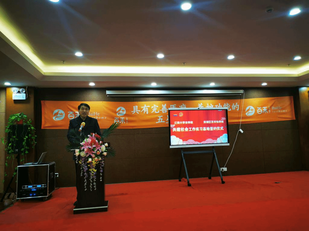 3月16日上午,法学院与滨湖区百合怡养院共建社会工作实习基地签约授牌仪式顺利举行。无锡市民政局养老服务处处长唐国强、百合怡养院院长赵娟、运营院长江静、行政院长刘文俊、法学院党委书记杨杰、党委副书记张慧琪、副院长李俏等参加了签约授牌仪式。
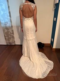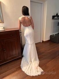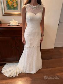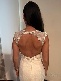 Abito interamente in pizzo , impreziosito da perle e dettagli luminosi compreso di velo in tulle minimal ( non in foto ) il tutto in ottimo stato . Acquistato in atelier Happy Sposi di Crema .
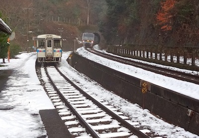 ホームは積雪があり、気をつけないと滑りやすいです。

** Exercise prompt **
Nothing but an exact copy of the data, without its images, should make up your answer.

** Answer for this exercise **
 3月16日上午,法学院与滨湖区百合怡养院共建社会工作实习基地签约授牌仪式顺利举行。无锡市民政局养老服务处处长唐国强、百合怡养院院长赵娟、运营院长江静、行政院长刘文俊、法学院党委书记杨杰、党委副书记张慧琪、副院长李俏等参加了签约授牌仪式。
 Abito interamente in pizzo , impreziosito da perle e dettagli luminosi compreso di velo in tulle minimal ( non in foto ) il tutto in ottimo stato . Acquistato in atelier Happy Sposi di Crema .
 ホームは積雪があり、気をつけないと滑りやすいです。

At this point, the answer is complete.